*** Block opens ***

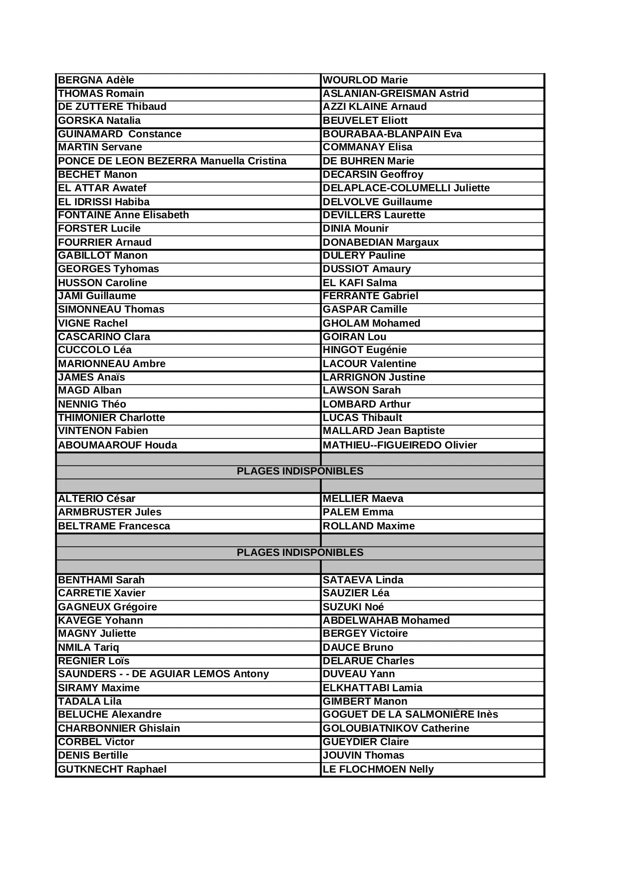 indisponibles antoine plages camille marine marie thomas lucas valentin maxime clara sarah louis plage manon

*** Block closes ***
*** Block opens ***

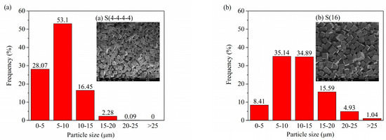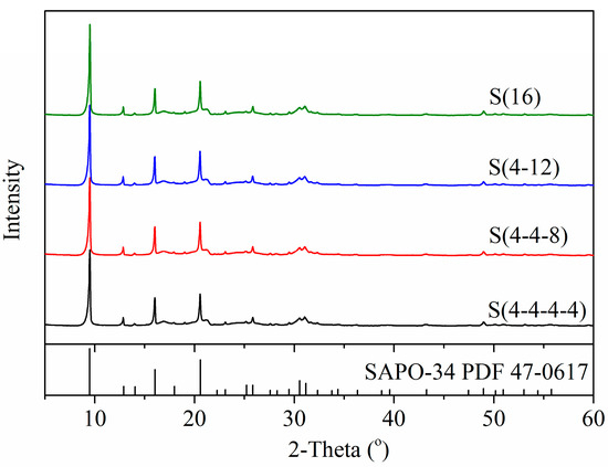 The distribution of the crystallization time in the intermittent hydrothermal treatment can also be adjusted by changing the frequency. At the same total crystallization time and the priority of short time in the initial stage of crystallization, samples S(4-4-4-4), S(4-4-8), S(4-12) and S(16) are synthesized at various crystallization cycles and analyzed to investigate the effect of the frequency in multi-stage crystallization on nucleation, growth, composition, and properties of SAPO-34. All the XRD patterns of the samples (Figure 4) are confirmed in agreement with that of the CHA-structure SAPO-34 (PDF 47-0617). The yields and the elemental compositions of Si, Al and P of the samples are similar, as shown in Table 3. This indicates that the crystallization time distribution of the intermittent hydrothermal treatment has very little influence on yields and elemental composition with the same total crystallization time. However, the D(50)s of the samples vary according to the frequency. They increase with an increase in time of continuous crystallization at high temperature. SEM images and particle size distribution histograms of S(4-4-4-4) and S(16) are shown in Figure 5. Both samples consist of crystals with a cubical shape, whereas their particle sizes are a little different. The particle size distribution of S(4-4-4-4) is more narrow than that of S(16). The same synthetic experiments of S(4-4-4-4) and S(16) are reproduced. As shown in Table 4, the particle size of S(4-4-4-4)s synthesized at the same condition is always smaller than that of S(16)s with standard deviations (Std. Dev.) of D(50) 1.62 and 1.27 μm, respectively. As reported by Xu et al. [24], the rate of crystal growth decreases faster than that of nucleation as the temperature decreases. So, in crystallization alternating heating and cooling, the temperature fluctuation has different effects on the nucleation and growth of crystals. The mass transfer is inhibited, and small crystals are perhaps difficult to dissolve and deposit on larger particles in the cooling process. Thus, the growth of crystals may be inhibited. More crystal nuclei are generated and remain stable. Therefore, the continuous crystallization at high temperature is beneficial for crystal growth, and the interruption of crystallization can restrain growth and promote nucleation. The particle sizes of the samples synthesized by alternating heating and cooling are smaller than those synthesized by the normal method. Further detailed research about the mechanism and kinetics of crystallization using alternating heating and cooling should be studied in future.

*** Block closes ***
*** Block opens ***

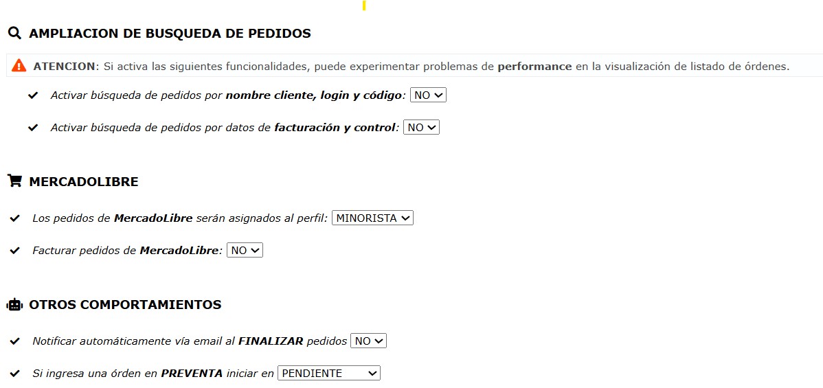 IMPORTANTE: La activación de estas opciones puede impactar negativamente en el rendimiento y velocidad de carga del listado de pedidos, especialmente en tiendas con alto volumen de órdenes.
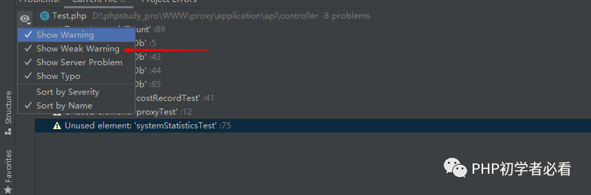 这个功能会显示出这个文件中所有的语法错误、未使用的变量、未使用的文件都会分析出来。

*** Block closes ***

DIRECTIONS.
Range to copy from the listing above: the line containing "IMPORTANTE: La activación" down to the line containing "这个功能会显示出这个文件中所", both included. Reproduce it exactly, minus the pictures, and add nothing.

ANSWER.
 IMPORTANTE: La activación de estas opciones puede impactar negativamente en el rendimiento y velocidad de carga del listado de pedidos, especialmente en tiendas con alto volumen de órdenes.
 这个功能会显示出这个文件中所有的语法错误、未使用的变量、未使用的文件都会分析出来。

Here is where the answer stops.